▶ _Task brief_
Reproduce only this stretch of the listing below: from the line with "- ¡CUIDEMOS DEL" through the line with "Арт. 135130676 2-ккв", exactly as written, with pictures excluded.

▶ _Data listing_
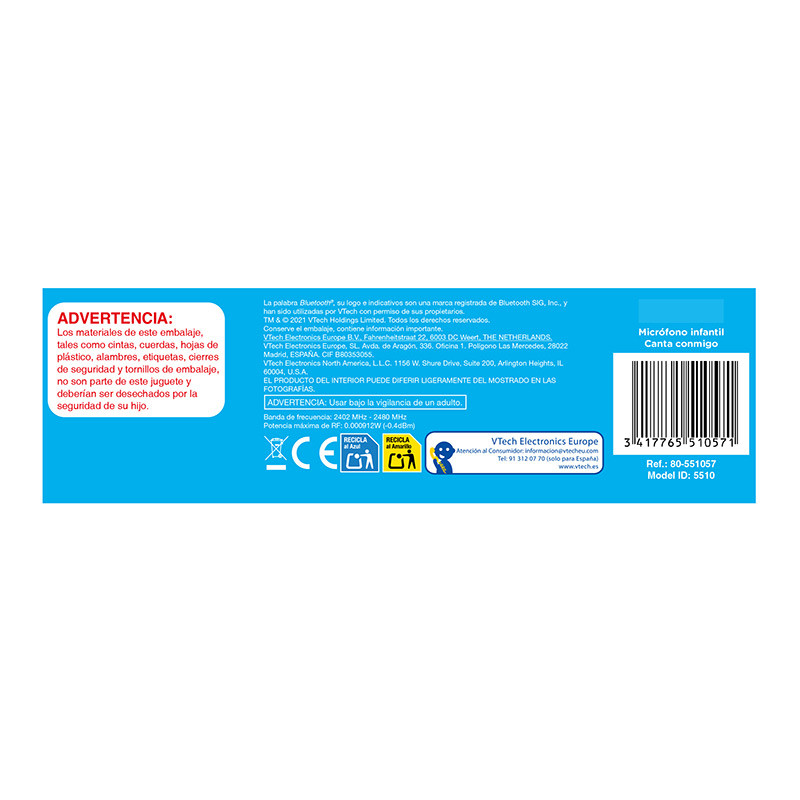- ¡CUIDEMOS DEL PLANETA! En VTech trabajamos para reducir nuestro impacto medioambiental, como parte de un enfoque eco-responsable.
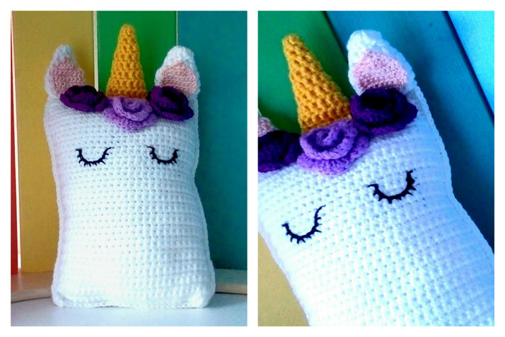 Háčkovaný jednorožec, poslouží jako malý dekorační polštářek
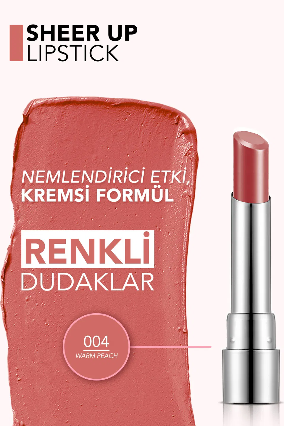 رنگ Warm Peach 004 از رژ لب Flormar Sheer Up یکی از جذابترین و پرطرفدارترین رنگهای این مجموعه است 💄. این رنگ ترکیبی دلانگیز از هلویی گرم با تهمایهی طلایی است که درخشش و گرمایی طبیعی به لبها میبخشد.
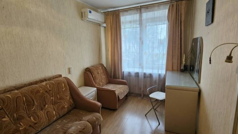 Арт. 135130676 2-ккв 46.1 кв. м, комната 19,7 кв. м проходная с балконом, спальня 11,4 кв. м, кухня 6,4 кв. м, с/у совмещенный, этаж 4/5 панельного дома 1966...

--

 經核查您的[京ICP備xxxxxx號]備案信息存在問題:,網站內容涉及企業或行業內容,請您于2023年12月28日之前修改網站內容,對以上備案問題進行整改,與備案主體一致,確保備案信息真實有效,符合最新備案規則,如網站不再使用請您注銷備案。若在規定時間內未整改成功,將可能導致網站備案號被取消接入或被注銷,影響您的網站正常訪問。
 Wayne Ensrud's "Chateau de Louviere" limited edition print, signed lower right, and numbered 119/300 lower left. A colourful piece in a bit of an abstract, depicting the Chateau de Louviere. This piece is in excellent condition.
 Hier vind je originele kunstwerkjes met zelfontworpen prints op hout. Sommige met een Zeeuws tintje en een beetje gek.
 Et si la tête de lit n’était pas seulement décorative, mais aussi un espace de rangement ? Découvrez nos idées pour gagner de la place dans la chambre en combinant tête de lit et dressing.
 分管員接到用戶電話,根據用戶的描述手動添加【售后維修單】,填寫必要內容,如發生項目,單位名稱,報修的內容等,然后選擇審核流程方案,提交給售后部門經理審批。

▶ _Written solution_
- ¡CUIDEMOS DEL PLANETA! En VTech trabajamos para reducir nuestro impacto medioambiental, como parte de un enfoque eco-responsable.
 Háčkovaný jednorožec, poslouží jako malý dekorační polštářek
 رنگ Warm Peach 004 از رژ لب Flormar Sheer Up یکی از جذابترین و پرطرفدارترین رنگهای این مجموعه است 💄. این رنگ ترکیبی دلانگیز از هلویی گرم با تهمایهی طلایی است که درخشش و گرمایی طبیعی به لبها میبخشد.
 Арт. 135130676 2-ккв 46.1 кв. м, комната 19,7 кв. м проходная с балконом, спальня 11,4 кв. м, кухня 6,4 кв. м, с/у совмещенный, этаж 4/5 панельного дома 1966...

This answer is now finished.